Caserío de San Lorenzo de la Bóveda

A finales del s. XI, Párraces era uno de tantos castillos que había en la llanura segoviana. Junto a él se había erigido recientemente un monasterio bajo la advocación de Santa María de Párraces, y ambos formaban parte de las propiedades de Don Blasco Galindo y su esposa, Doña Catalina de Guzmán. Sabedores de que su final se acercaba sin haber tenido descendencia, decidieron donar a su fallecimiento todos sus bienes a la diócesis de Segovia. En el seno de la misma había un canónigo conocido por ser hombre recogido y de buenos propósitos: Se apellidaba Navarro, y deseaba retirarse lejos de la ciudad para llevar una vida más sobria. Corría el año 1148 cuando solicitó al cabildo que le cediese la iglesia de Nuestra Señora de Párraces, donde formaría una nueva congregación junto con otros compañeros de su misma iglesia. Tales eran la consideración y el respeto que se tenían por el maestro Navarro, que tanto el Obispo como el Cabildo de Segovia accedieron a su petición ese mismo año, dando lugar a la creación de la Abadía de Santa María la Real de Párraces.

Despoblados y Abandonados
Caserío de San Lorenzo de la Bóveda



ABADÍA DE SANTA MARÍA LA REAL DE PÁRRACES
 

La congregación creció de manera paulatina, tanto a nivel institucional como en lo que a capacidad económica se refiere. Ya desde sus inicios la diócesis les concedió la jurisdicción eclesiástica sobre trece aldeas, cifra que aumentó con el paso del tiempo, y algunas de ellas devinieron en ser propiedad de la abadía. También les fueron concedidos privilegios fiscales que, con el crecimiento en prestigio de la congregación, se vieron incrementados de manera progresiva. A esto hay que añadir las numerosas aldeas, casas, caseríos, fincas e iglesias que pasaron a engrosar la larga lista de propiedades de la orden, provenientes de donaciones y adquisiciones de lo más diverso, convirtiendo a la Abadía de Santa María la Real de Párraces en uno de los señoríos de abadengo más poderosos de Castilla.
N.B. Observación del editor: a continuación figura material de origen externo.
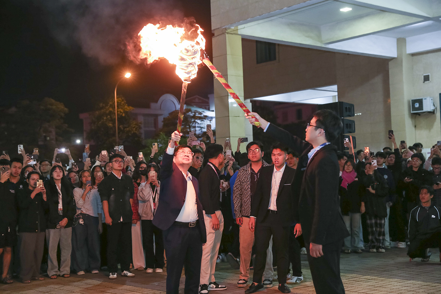 PGS.TS Nguyễn Thanh Bình, ThS.BSNT Phạm Tuấn Đạt thắp lửa hội trại truyền thống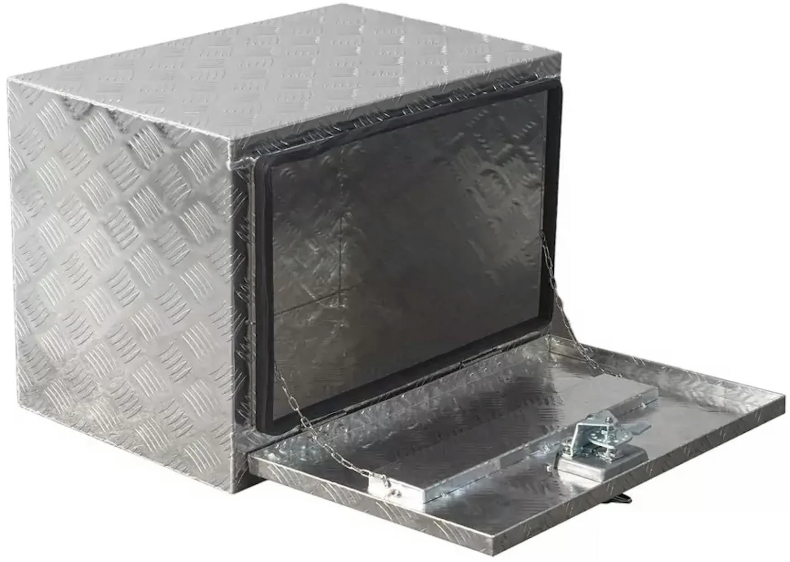 Aluminium opbergkist 610 x 430 x 455 mm met inhoud 120 liter voor de opslag en vervoer van gereedschappen en materialen.

La abadía vio descender su prestigio de forma exponencial con el transcurrir de los años. La abundancia de dinero en las arcas de la orden tuvo como consecuencia el relajo en las costumbres de los religiosos, que comenzaron a ignorar los tres votos de obligado cumplimiento que tienen las órdenes monásticas: castidad, obediencia y pobreza. Era tal la capacidad económica de la abadía, que en 1454 acordaron dividir los bienes entre sus miembros. Una parte importante del capital fue para el Abad, que apenas acudía a la abadía y prefería frecuentar la compañía de gente poderosa, dejando a un lado el liderazgo que se le supone sobre los Canónigos y los Racioneros. Para estos fue otra parte del dinero, que empleaban (entre otras cosas) en pagar a cantores para que oficiaran la misa en lugar de hacerlo ellos mismos. La codicia invadió el espíritu de los miembros de la abadía, que dejaron completamente de lado sus labores oficiales para dedicarse a la buena vida y a vivir de las rentas. Esto llegó a oídos de Don Alonso de Fonseca, Obispo de Osma y, a la sazón, administrador perpetuo de la Abadía de Párraces, quien decidió entregársela a la orden jerónima en la primera década del 1500.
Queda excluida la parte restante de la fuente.